As soon as your meat of any kind is brought home from the butcher’s, wipe it with a clean dry cloth. If in summer you find any “fly-blows,” which is very common, cut them out at once, and no harm will be done. In the loins a long pipe runs by the bone; that should be taken out immediately, or in a few hours it will taint and spoil the whole joint. If the meat is not to be used at once, dredge it with pepper. Powdered charcoal dusted over meat will help to keep it sweet, or will remove any taint already begun. It is wise to keep charcoal on hand during warm weather; it is wonderfully efficacious in preserving meat, and, if dusted over it while hanging, it can all be washed off when you are ready to cook it. Most meat is more tender and easily digested if kept hanging some time, and charcoal is a great and reliable aid in preserving it. Lamb and veal cannot be kept as safely as beef and mutton.

In choosing Fowls, bear in mind that the male bird, if young, will have a smooth leg and a short spur, eyes bright and full, feet supple. The hen may be judged by the same signs, and if these are not found, be sure the birds are stale and old.

Ducks, geese, and pigeons should have pliable feet; if stiff, they are old. In all the vent should be firm; if discolored or flabby, they are stale. This last sign should be remembered in judging of all poultry or game.

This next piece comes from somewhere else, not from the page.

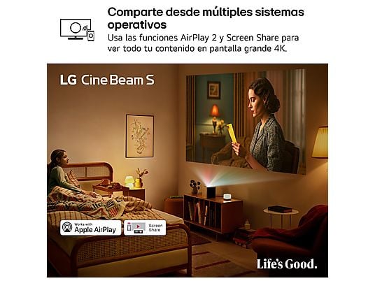 Ideal para cine en casa, gaming, streaming y presentaciones, el LG CineBeam S combina calidad de imagen profesional con un diseño compacto y fácil de instalar.

The eyes of Fish should be bright, the gills clear red, body stiff, and smell not unpleasant,—or rather, not stale, for we imagine that fish can never be of a pleasant smell, however palatable it may be to the taste.

As far as possible, buy all stores by the quantity; if nothing else, you save the weight of paper, no small item in the course of a year; but there is always some reduction when an article is purchased at wholesale. You save the retail commission, if nothing more.

In warm weather, meats, of course, cannot be bought in large quantities, unless for a large family who are in possession of a good ice-house. Rice, tapioca, raisins, etc., are an exception to this rule, for they should never be bought in large quantities, except for boarding-houses or hotels, as they are very easily filled with insects.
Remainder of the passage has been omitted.